# Does anybody know this DC motor?



## fVonk (Feb 8, 2016)

It is supposedly from a Clark forklift and 48V. I Googled the name and serial number but no information was to be had. Couldn't find any threads either. The owner only let me take this one picture, he thought I was a nutcase when he found out what the purpose was. 

Very new to all this and exited to get my first build under way.


----------



## major (Apr 4, 2008)

Hi fVonk,

I know this is your first post. This EV information section is more of a reference than a Q&A or discussion place. I'll ask admin to relocate your post so members can reply. Either it should go here http://www.diyelectriccar.com/forums/showthread.php/using-forklift-motor-and-choosing-good-7598.html or a new thread in that motors forum.

Regards,

major

ps. Let's get it in the right place and I'll respond.


----------



## major (Apr 4, 2008)

fVonk said:


> It is supposedly from a Clark forklift and 48V. I Googled the name and serial number but no information was to be had.
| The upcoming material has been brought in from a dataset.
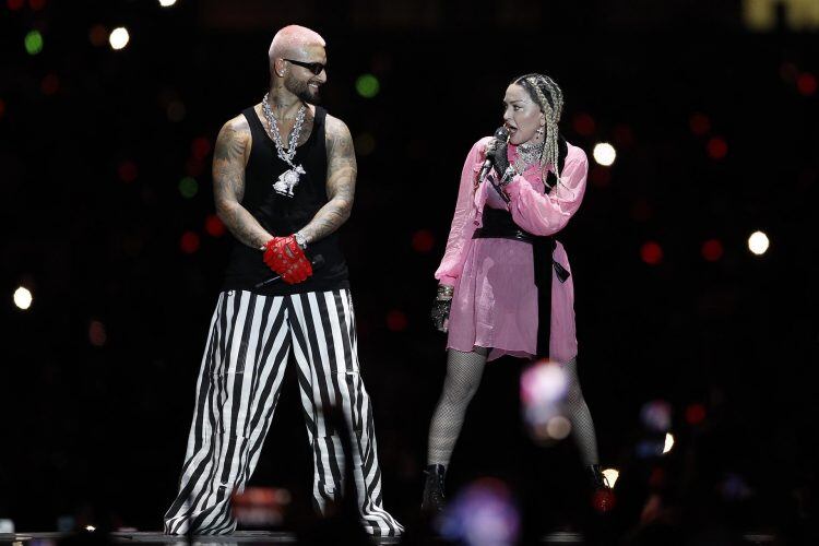 Llegó la hora de la presentación de Maluma junto a Madonna, y los aplausos y gritos inundaron el Estadio Atanasio Girardot de Medellín. La estadounidense cantó algunas partes en español de las canciones de Maluma, así como las canciones icónicas que han sido un himno durante toda su carrera como ‘Music’. Pese a los comentarios negativos de algunos internautas mencionando que Madonna se veía “Vieja”, y que le look que tuvo no fue el adecuado, fueron más los elogios hacia ella y hacia el paisa.

Couldn't find any threads either. The owner only let me take this one picture, he thought I was a nutcase when he found out what the purpose was.


Hi fVonk,

Thanks for posting in the forums. Sorry about the wrong place. Lots of first-timers do that. Thanks to the admin for moving it here. Members can reply and quote (like I did to your post) when working in the forum.

I doubt that motor is from a Clark forklift. It has a Schabmuller nameplate (a competitor of Clark). I am unsure who makes the motor. From the nameplate info: 24 Volt, 195 Amps, 2345 RPM, 3.7 kW for one hour duty, Class F insulation, type E (vented). Appears to be European. Indication is that it is a traction (propulsion) motor. From rating I'd guess 8 to 10 inch diameter.

If the seller won't give you more info or let you take additional photos, forgetaboutit. You need to check for suitable output shaft and 4 terminals.

You probably can run it at higher voltage, like 48V, and see about twice speed and twice power. Any higher voltage than that and you risk overspeed. So unless you intend to drag race, this is not a good choice for an EVcar. Maybe an electric tractor or the like.

Read some of the posts in the sticky in this motor forum. You'll see what others have found to use from old forklifts.

Welcome,

major


----------



## fVonk (Feb 8, 2016)

Thank you very much for the reply, I'll l go forth and search for another motor then. 

I have been wading through the suggested threads trying to absorb as much as possible. The wealth of information is simply astonishing. Currently on page 40 of 101, but we'll keep plugging away 

Regards 
fVonk


----------